Run the benchmark locally or via GitHub Actions.

Quick Start

# Clone and set up
git clone https://github.com/intent-bench/intent-bench.git
cd intent-bench
make setup

# Validate an experiment
bash bench.sh validate url-shortener

# Run a single experiment (control condition, 1 run)
bash bench.sh run url-shortener --condition control --runs 1

# Run with treatment
bash bench.sh run url-shortener --condition treatment --runs 1

# Analyze results
make analyze

Multi-Model Runs

Use the --agent and --model flags to benchmark different models:

# Claude Code (default)
bash bench.sh run url-shortener --condition control \
    --agent claude-code --model claude-sonnet-4-20250514

# OpenAI via aider
bash bench.sh run url-shortener --condition control \
    --agent aider --model openai/gpt-4o

# Local Ollama model via aider
bash bench.sh run url-shortener --condition control \
    --agent aider --model ollama/llama3

GitHub Actions

The benchmark can also be triggered via workflow_dispatch in the GitHub Actions UI. Select the experiment, condition, agent, model, and number of runs.

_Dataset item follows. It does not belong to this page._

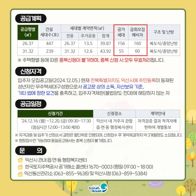 ✅ 신청자격 : 입주자 모집공고일(2024.12.05.) 현재 익산시에 주민등록이 등재된 성년자인 무주택세대구성원으로서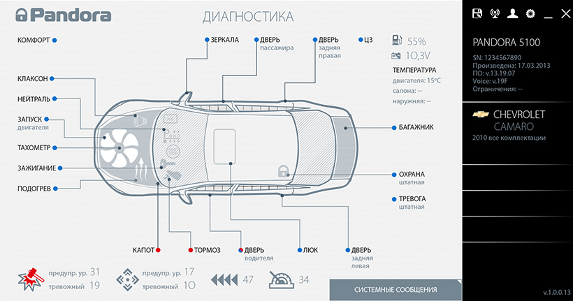 К функционалу Pandora Alarm Studio относится также возможность дистанционного контроля параметров работы сигнализаций Pandora — благодаря фирменному интерфейсу на 2,4 ГГц можно быстро проверить функционал системы как по цифровой шине авто, так и по аналоговым входам.

Results are submitted as a pull request automatically.

Available Experiments

Experiment	Tier	Language	Budget
url-shortener	Baseline	Any	$5
task-manager	Standard	Any	$5
rest-api	Standard	Python	$10
cli-tool	Standard	Python	$10
brownfield	Advanced	Go	$15
rtmx-self	Advanced	Go	$15
go-toml	Advanced	Go	$15
hyperfine	Advanced	Rust	$15
csvkit	Advanced	Python	$10
go-yaml	Advanced	Go	$15
structlog	Advanced	Python	$10

Contributing Results

Submit Your Runs

Run at least N=5 per condition for statistical significance. Commit results/summary.csv and results/analysis.json to a branch and open a PR.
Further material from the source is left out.